Howard hides Timor horror

Issue 

By Jon Land

As investigations by both the United Nations and the Indonesian Human Rights Commission continue into the Indonesian military's involvement in the killing and destruction which took place in East Timor, the Howard government remains reluctant to divulge vital intelligence that would aid these investigations.

John Howard's highly publicised visit to East Timor on November 28 was well timed to take the heat off, to divert public attention from the government's treatment of East Timorese refugees, its "Timor tax" and new evidence that it knew all along what the Indonesian military was really doing in East Timor.

Secret Defence Intelligence Organisation documents, leaked to the media in late November, provide further proof that the Howard government was aware that the Indonesian military was directly involved in the militia violence in East Timor. The documents state that the terror campaign was conducted with the full knowledge and support of Indonesia's top generals, including the head of the military, General Wiranto.

The contents of the DIO documents, "circulated" in Canberra from November 22, are similar to those leaked earlier in the year. The documents contradict claims by Howard and Foreign Minister Alexander Downer throughout the pre-referendum period that the violence was not the official policy of the Indonesian military and was caused by "rogue elements".

At a special sitting of the Joint Standing Committee on Foreign Affairs, Defence and Trade on November 22, Wayne Sievers, a former police intelligence officer with the UN mission in East Timor, provided evidence of the direct involvement of the Indonesian military.

Sievers collected material from a range of sources, including East Timorese serving in the Indonesian army and working for Indonesia's security services, material he says implicates Indonesian officials and representatives of the Indonesian military and police at the highest levels.

Sievers told the Canberra Times, "On the morning the result of the vote was announced, we knew what was going to happen, and how it would happen. It was like waiting for the sky to fall in."

The November round of leaked DIO information coincided with the release of a book entitled East Timor: Too Little Too Late, written by Lansell Taudevin, who headed AusAID projects in East Timor from 1996 to March 1999.

Taudevin was requested by the Australian embassy in Jakarta to provide "information" about the situation in East Timor. He advised embassy officials from as early as July 1998 that the Indonesian military was forming the militias and reactivating several of the infamous "ninja" gangs.

One proof of military involvement detailed in the DIO documents is the Liquica massacre of April 6, when more than 50 people were killed by pro-integration militia.

Downer admitted on April 11 that Indonesian troops were present, but claimed "There's a debate about what part they played" and that there were "wildly different accounts of what actually happened". The Howard government opted to support the Indonesian military's version of the events (which claimed only five were killed) rather than that of church representatives, human rights groups and eyewitnesses and the assessment of its own agency, the DIO.

A confidential DIO briefing on April 8 stated: "It is known that ABRI [the Indonesian armed forces] had fired tear gas into the church and apparently did not intervene when the pro-independence activists were attacked. Brimob [the police mobile brigade] were allegedly standing behind the attacked at the church and firing into the air — ABRI is culpable, whether it actively took part in the violence or simply let it occur."
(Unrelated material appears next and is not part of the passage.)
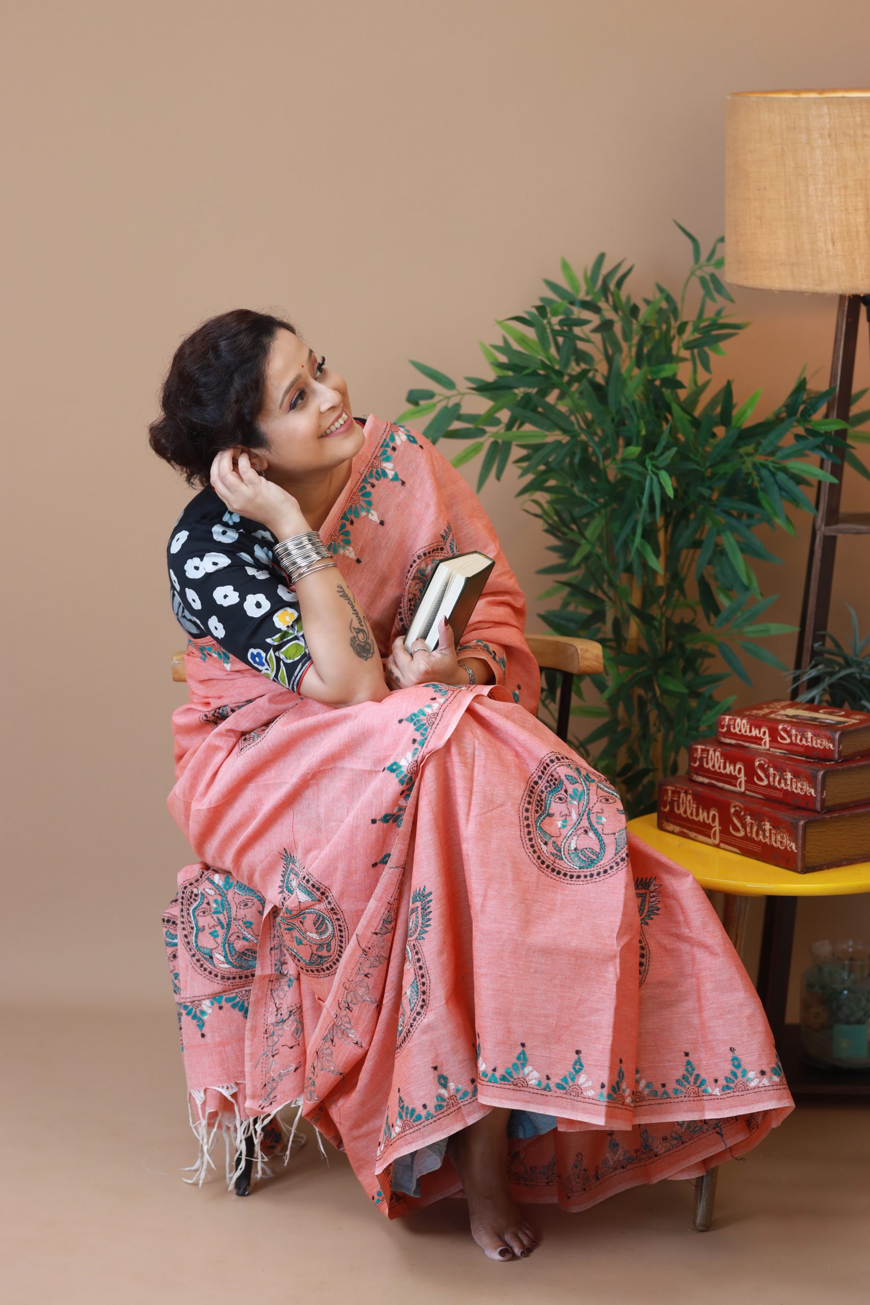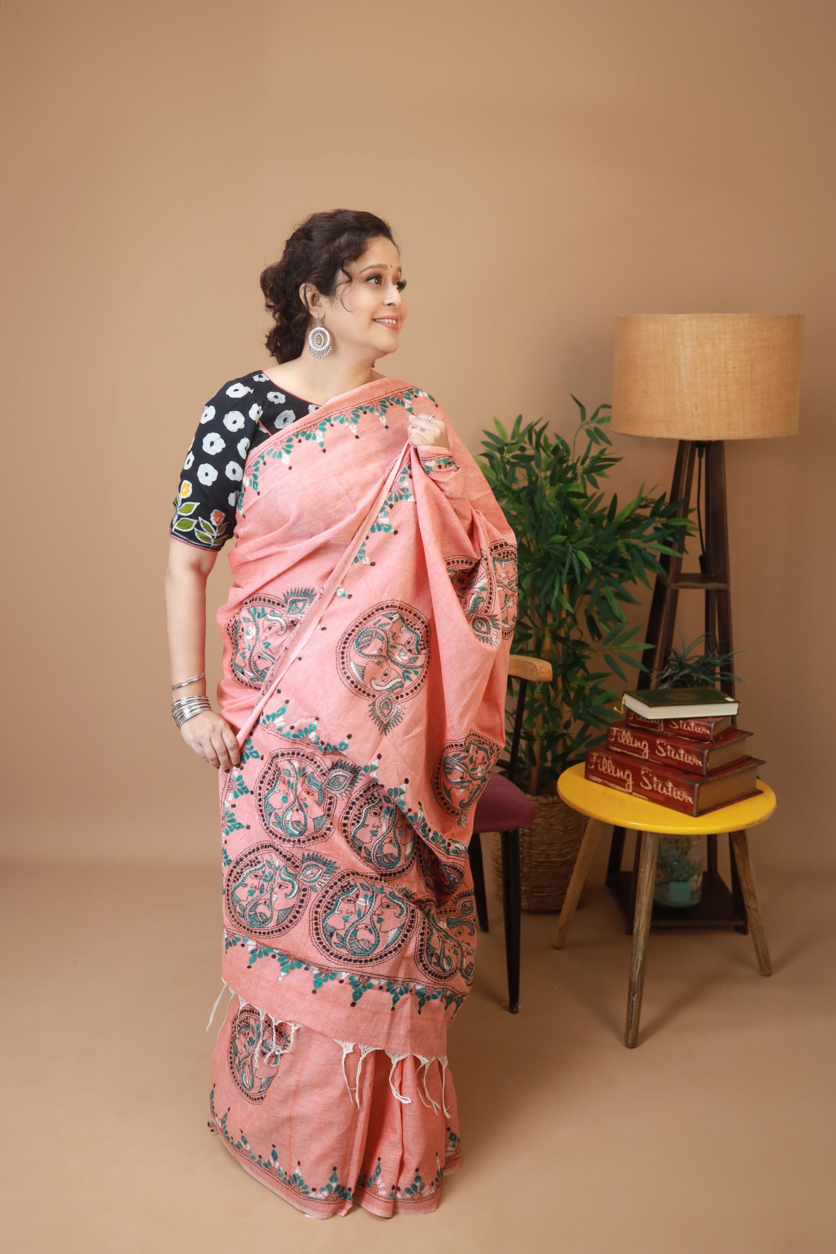 A beautiful Peach Radha Krishna cotton sari with intricate kantha embroidery of Radha Krishna Motif throughout the sari. The sari comes with a running blouse piece with kantha embroidery border.

Downer decided that the findings of a report by Australian diplomats who visited East Timor to investigate the Liquica killings would not be released. He told reporters on April 16, "We aren't in a position to be able to prove what happened there".

Downer, along with Howard, continued to claim that the Indonesian military was not responsible for or supporting the violence in East Timor. On April 17, militia gangs rampaged through Dili while Indonesian police and military stood by.

Howard denies that the government ignored the intelligence it was receiving. He told ABC television just prior to his visit to East Timor, "We are seeing a massive and partisan attempt to rewrite history, and it won't wash". He claims that the government made 120 separate representations to the Indonesian government during the year about violence in East Timor.

But the Howard government is actively stalling and blocking attempts by investigators to piece together the truth on human rights abuses in East Timor. It has frustrated attempts by members of the International Commission of Jurists to interview East Timorese refugees in Australia — refugees who are being pressured by the government to return immediately, regardless of the trauma they still suffer from.

In response to requests from the head of the UN administration in East Timor, Sergio Vieira de Mello, for assistance with forensic experts and materials (such as a transportable morgue), Howard said that this was a concern for the states, rather than the federal government.

Howard has also indicated that the government will provide only limited intelligence to the UN investigation into atrocities.

In an interview on ABC radio on November 29, Howard said, "When it comes to intelligence gathering, every national government has obligations that are very important in the national interest which transcend everything else"; the government would only "consider" any "proper approach from the UN".

What Howard and Downer really fear is that investigations and leaks will confirm what the government has denied. They will confirm that they knew what the Indonesian military were up to, that they knew the terror campaign came from the very top ranks of the Indonesian military and that the government they led chose to misinform the public so as to protect the "special relationship" with Jakarta.